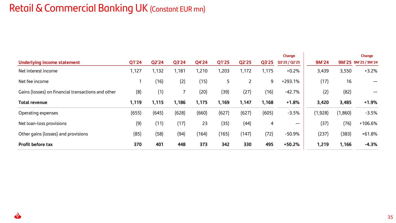 34 Retail & Commercial Banking UK (EUR mn) Change Change Underlying income statement Q1'24 Q2'24 Q3'24 Q4'24 Q1'25 Q2'25 Q3'25 Q3'25 / Q2'25 9M'24 9M'25 9M'25 / 9M'24 Net interest income 1,119 1,128 1,189 1,236 1,224 1,174 1,152 -1.9% 3,436 3,550 +3.3% Net fee income 1 (16) (2) (15) 5 2 9 +293.1% (17) 16 — Gains (losses) on financial transactions and other (8) (1) 7 (20) (39) (27) (15) -44.9% (2) (82) — Total revenue 1,112 1,112 1,193 1,200 1,190 1,149 1,146 -0.3% 3,417 3,485 +2.0% Operating expenses (651) (643) (632) (675) (638) (628) (593) -5.6% (1,926) (1,860) -3.5% Net loan-loss provisions (9) (11) (17) 23 (36) (44) 5 — (37) (76) +106.8% Other gains (losses) and provisions (85) (58) (94) (167) (168) (147) (69) -52.9% (237) (383) +61.9% Profit before tax 368 400 451 382 348 330 488 +48.0% 1,218 1,166 -4.2%
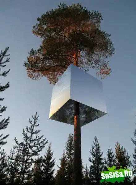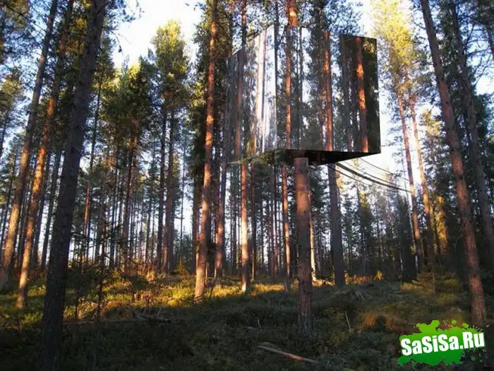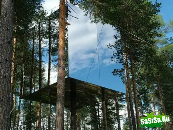 Помимо того что он зеркальный, так он еще и подвешенный на деревьях. Этот необычный отель находится в Швеции. В нём есть терраса на крыше, гостиная, ванная, небольшая кухня и большая кровать.
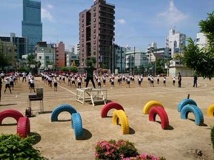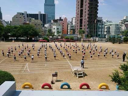 3年生と4年生も運動場に出て、隊形の確認をしながらダンスの練習をしました。
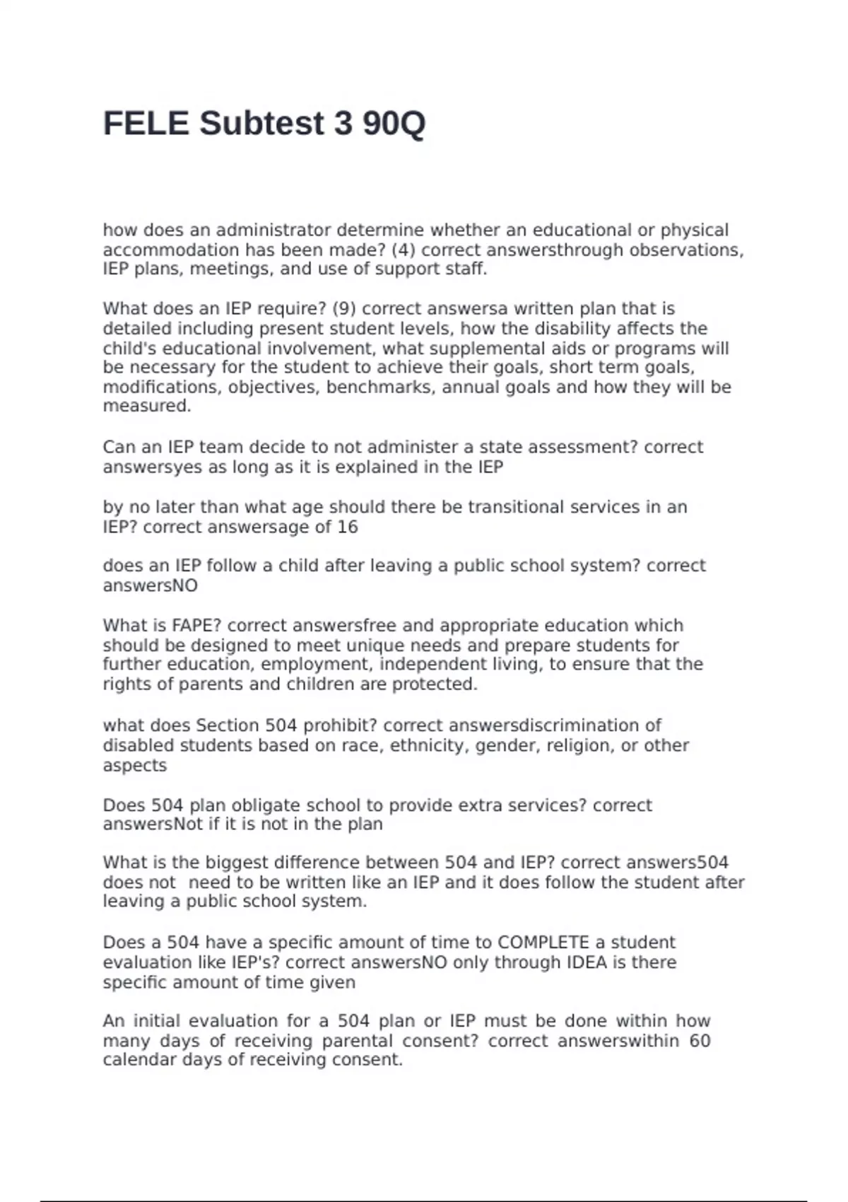 IEP? correct answersage of 16

### Work task
Copy out the material word for word, without any images.

### Expected answer
 34 Retail & Commercial Banking UK (EUR mn) Change Change Underlying income statement Q1'24 Q2'24 Q3'24 Q4'24 Q1'25 Q2'25 Q3'25 Q3'25 / Q2'25 9M'24 9M'25 9M'25 / 9M'24 Net interest income 1,119 1,128 1,189 1,236 1,224 1,174 1,152 -1.9% 3,436 3,550 +3.3% Net fee income 1 (16) (2) (15) 5 2 9 +293.1% (17) 16 — Gains (losses) on financial transactions and other (8) (1) 7 (20) (39) (27) (15) -44.9% (2) (82) — Total revenue 1,112 1,112 1,193 1,200 1,190 1,149 1,146 -0.3% 3,417 3,485 +2.0% Operating expenses (651) (643) (632) (675) (638) (628) (593) -5.6% (1,926) (1,860) -3.5% Net loan-loss provisions (9) (11) (17) 23 (36) (44) 5 — (37) (76) +106.8% Other gains (losses) and provisions (85) (58) (94) (167) (168) (147) (69) -52.9% (237) (383) +61.9% Profit before tax 368 400 451 382 348 330 488 +48.0% 1,218 1,166 -4.2%
 Помимо того что он зеркальный, так он еще и подвешенный на деревьях. Этот необычный отель находится в Швеции. В нём есть терраса на крыше, гостиная, ванная, небольшая кухня и большая кровать.
 3年生と4年生も運動場に出て、隊形の確認をしながらダンスの練習をしました。
 IEP? correct answersage of 16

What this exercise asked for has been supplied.